We have a buoy in our lake that we like to swim to, and we’re curious how far a swim it is. Is there a way to calculate this distance? Can you do something other than use a long rope?—Billie Dominic, Huntsville, Ont.
Sure. There are apps and gadgetry—a golfer’s range finder, for example—that can tell you. But, “I’m a Luddite,” says Lynn Marshall, a Masters Swimming world-record holder and coach. “I don’t even own a cellphone. Personally, I would just swim to the marker and figure out how far it was from how long it took.”

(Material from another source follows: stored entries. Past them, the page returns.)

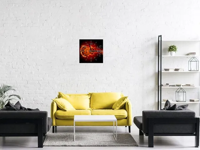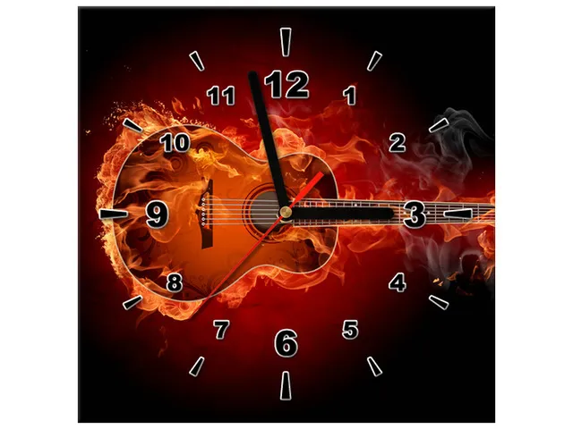 Úvod » Obrazy » Obrazy s hodinami » Luxusný obraz s hodinami Horiaca gitara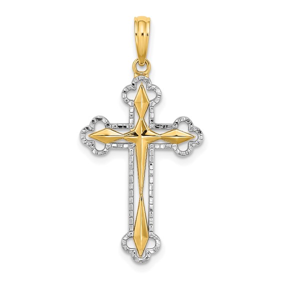 14k two-tone gold diamond cut scallop tip cross pendant is reversible. Weight: 1.3 grams. Dimensions: 11/16in x 1in without bail. Fits up to a 3mm wide chain. Made in Peru. Ships from USA.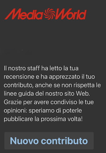 Morale: Il sito di mediaworld.it meriterebbe 2,5 stelle su 5 (non si smarrisce un’asciugatrice né si tarda nei rimborsi e quando si concorda una consegna si propongono 2-3 date in modo da trovarne una che vada bene anche al cliente), ma siccome la storia delle aziende la fanno le persone (Daniele Alessandro e Luisa) dò 5 stelle.

Of course! It’s a simple physics problem, solvable with the Distance Speed Time formula: Distance = Speed x Time. As long as you know those two variables—speed and time—you can calculate the distance.
First you need to figure out your average swimming speed. Time yourself at an indoor pool—the size of the pool is known, it’s usually marked, and it’s accurate. “In physics we say, ‘You need to calibrate your device,’ ” says Joanne O’Meara, a professor in the department of physics at Ontario’s University of Guelph. “This is how you’d calibrate your measurement.”

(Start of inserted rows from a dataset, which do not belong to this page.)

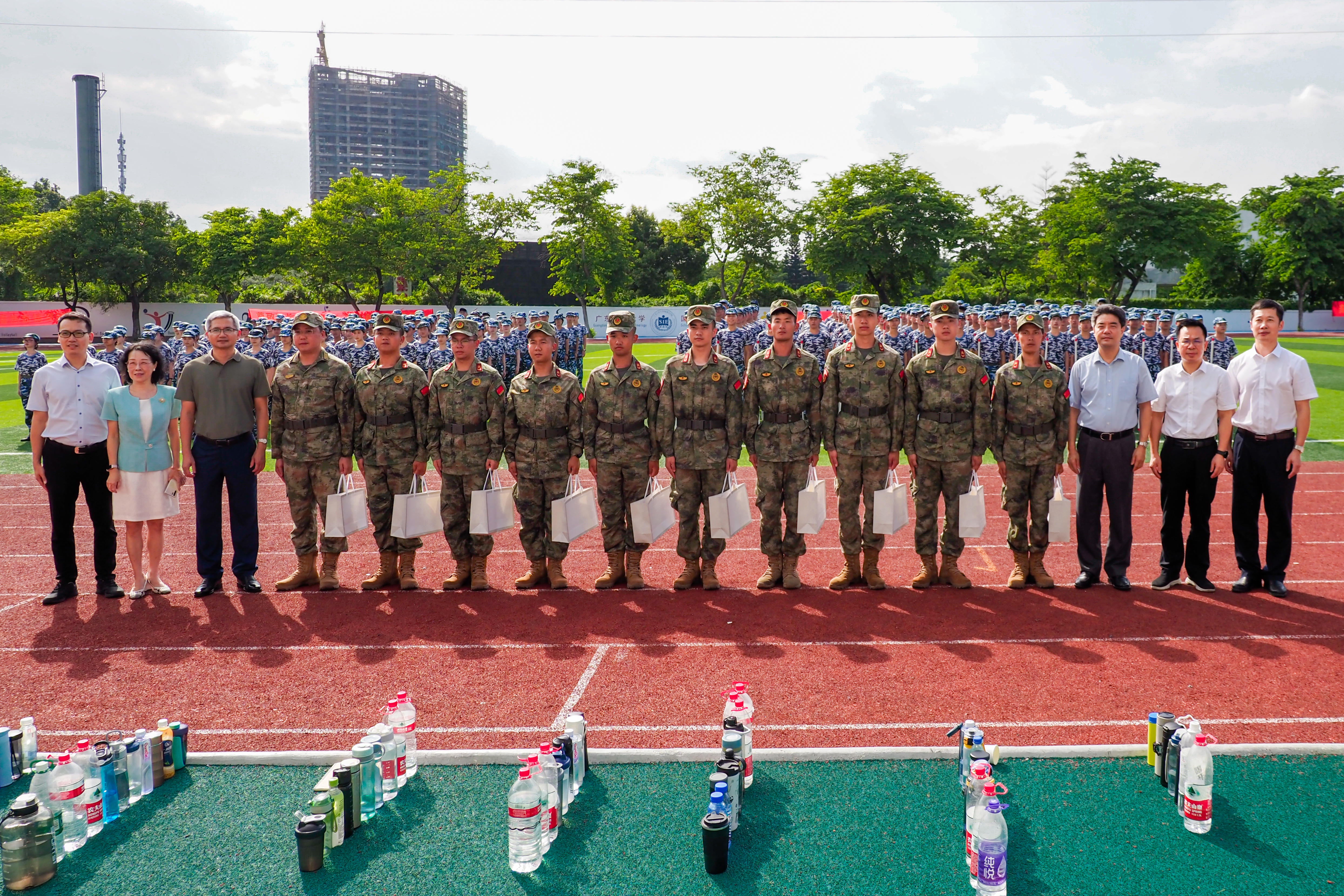 胡钦太对参训的2023级学生在精神面貌、纪律观念、集体意识等方面取得的显著进步,给予了鼓励和肯定,充分展现了广工学子肯吃苦、敢奋斗、勇争先的精神风貌。并充分肯定了教官们以身作则、严守纪律、无私奉献的敬业精神和优良的军人品质,并向承训教官送上慰问品,以示感谢和关怀。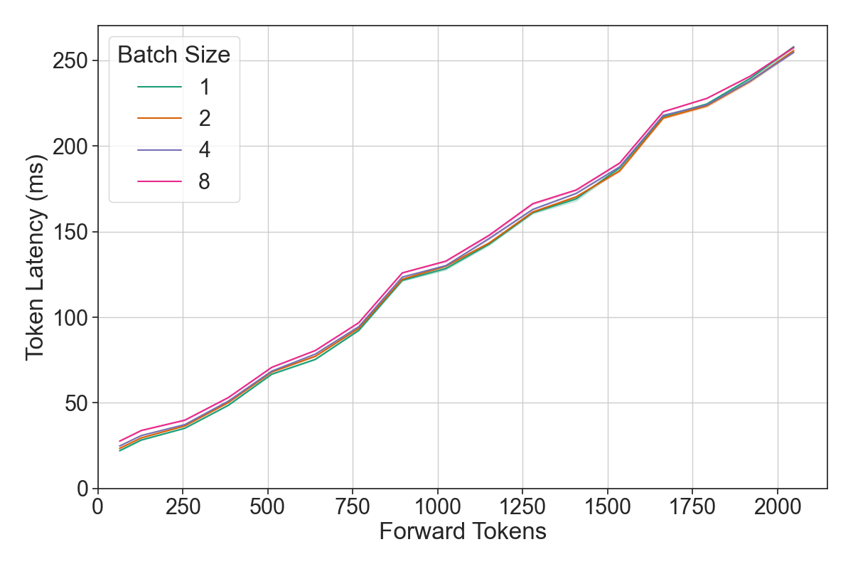 1. What factors impact the forward pass of a single LLM? In order to effectively schedule, it is necessary to understand what are the relevant independent variables the scheduling loop should control. We observe below that the composition of sequences in a forward pass (the batch size in sequences) has a negligible impact on performance compared to the raw number of tokens in the forward pass. This means an effective scheduler can be built around a single signal, the number of tokens in the forward pass.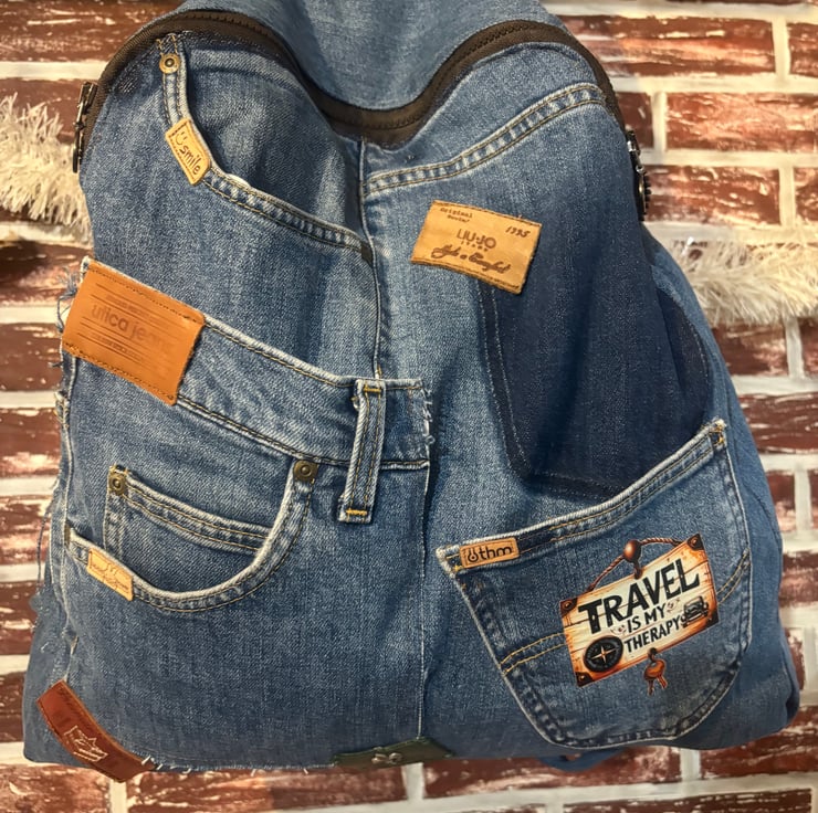 Denim rucksack made of upcycled pieces of jeans. Handmade, with a spacious inside pocket, a zipper at the top and three outside pockets.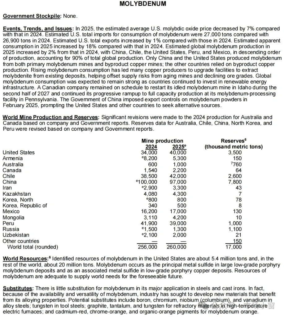 4 февраля 2025 года в Объявлении № 10 за 2025 год, опубликованном Министерством коммерции и Главным таможенным управлением Китая, молибден наряду с вольфрамом и другими металлами был включен в список товаров, подлежащих экспортному контролю. При этом молибден стремительно превращается в «стратегический металл» и становится новым центром глобальной конкуренции: хотя страны Европы и США обладают определенными запасами молибдена (в основном в качестве побочного продукта при добыче меди), они в значительной степени зависят от Китая в области технологий выделения и глубокой переработки. Публикация списка экспортного контроля означает, что после редкоземельных элементов и вольфрама Китай обрел еще один козырь, от которого зависит судьба мирового высокотехнологичного производства.

Swimming the distance: a challenge for cottagers
Swim at your regular, steady pace. “When I’m doing lengths in a pool, I will usually do 50 lengths of 25 metres—so 1,250 metres—in about 40 minutes,” says O’Meara. That would make her average speed just over 30 metres per minute (1,250 metres divided by 40 minutes).
To then find the distance to your buoy, she’d time herself swimming to it. “If it takes me five minutes to swim there, that means the buoy is roughly 150 metres away,” says O’Meara.
For more accurate results, do several swims on a wind-free day, and calculate the average time. Is this method as precise as a golf range finder? Of course not. But it won’t cost you any money, and it’s probably more fun.